Время охваченного чумой города словно бы теряет привычную перспективу. Каждая минута — последняя. И потому пространство города, в благополучные, безопасные времена аккуратно обеспечивающее и разделяющее различные формы городской жизни, как бы «схлопывается». Трагедия конца происходит одновременно повсюду. Стены и архитектура города словно пропитываются единым апокалиптическим духом, и город ввергается в эмоциональный и смысловой коллапс, превращаясь для его обитателей в «черную дыру». Сознание горожанина, будучи не в силах справиться с неотвратимостью всеобщей погибели, сопротивляется, вытесняя страшную реальность, замещая ее сиюминутными фантомами жизни, некими карнавальными призраками, как бы аккумулирующими в ситуации отсутствия времени, за мгновение до смерти, все недожитое, недобранное, недовкушенное. Как тут не вспомнить пушкинский «Пир во время чумы»:

Зажжем огни, нальем бокалы,
Утопим весело умы
И, заварив пиры да балы,
Восславим царствие Чумы. 

Образ охваченного чумой города с гениальным лаконизмом нарисован у Пушкина в первой же авторской ремарке, предваряющей текст: «Улица. Накрытый стол. Несколько пирующих мужчин и женщин». Жутковатая карнавальная инверсия — город вывернут наизнанку. Люди с отчаянным вызовом пируют посреди улицы. Не плачут в доме, не молятся в храме, но пируют на улице. Пушкинский чумной город — театральная декорация для разворачивающейся драмы людского умопомрачения. В целом ряде живописных и гравюрных изображений XVI–XVII веков, посвященных чумным эпидемиям, город представлен именно так — подчеркнуто сценографически. Отчасти это связано с общей театрализацией языка архитектуры этого времени (особенно в барокко), отчасти — с установившейся в изобразительном искусстве «мизансценичностью» иконографии, а отчасти — с парадоксальной, концентрированной «зрелищностью» сцен непридуманной человеческой трагедии, разворачивающейся повсюду в городе.

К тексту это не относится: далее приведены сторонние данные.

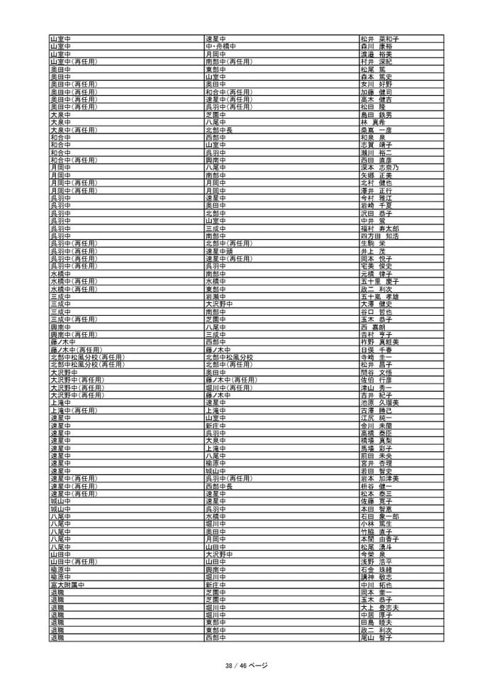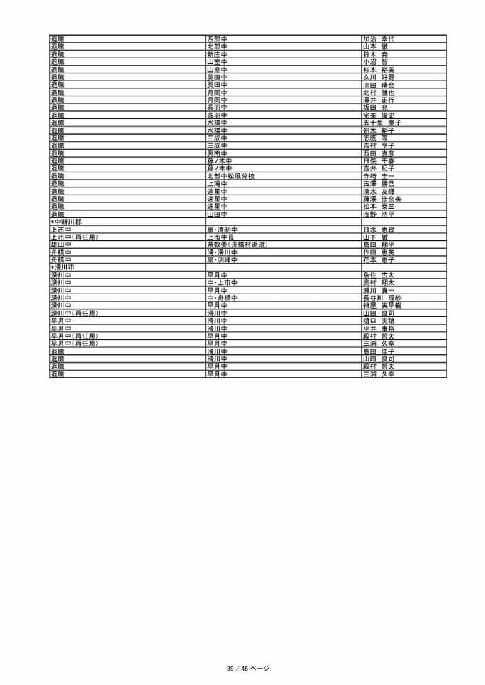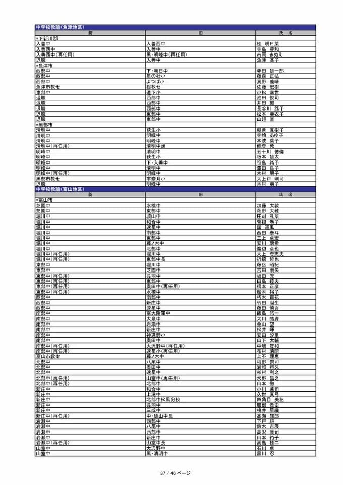 富山県 教職員人事異動・退職2023【中学校教諭名簿】あの先生どこ行ったがけ? 2023年3月27日(月) 16:45 国内 富山県教育委員会は27日、中学校教諭の4月1日付の人事異動を発表しました。義務教育学校、栄養教諭を含みます。 中学校教諭(魚津・富山地区)

Фреска «Триумф Чумы». Палаццо Абателлис, Палермо
Фреска «Триумф Чумы». Палаццо Абателлис, Палермо

«Утопление умов», экзальтированное погружение в «пиры да балы» и восславление триумфа чумы — картина, конечно же, чрезвычайно странная, необъяснимая в разумной системе эмоциональных и моральных координат. Но зато обретающая острый экзистенциальный смысл в контексте карнавального переозначения всего происходящего. Карнавальный дискурс соединяет Город и Смерть в образах маскарадных превращений, он примиряет Пир и Чуму в общем пространстве «жизни на краю». Пушкинский персонаж, один из героев чумного crazy show, указывая на это взаимоисключающее и одновременно взаимосвязанное соседство, замечает: 

Развеселись — хоть улица вся наша
Безмолвное убежище от смерти,
Приют пиров, ничем невозмутимых,
Но знаешь, эта черная телега
Имеет право всюду разъезжать.

Он имеет в виду чумную телегу, не встречающую преград на своем пути — символ всепроникающей, никого не щадящей смерти. Этот пушкинский образ в чем-то вторит образу, который мы находим в созданных на сорок лет ранее венецианских эпиграммах Гете: 

Эту гондолу сравню с колыбелью, качаемой мерно,
Делает низкий навес лодку похожей на гроб.
Истинно так! По Большому каналу от люльки до гроба
Мы без забот через жизнь, мерно качаясь, скользим. 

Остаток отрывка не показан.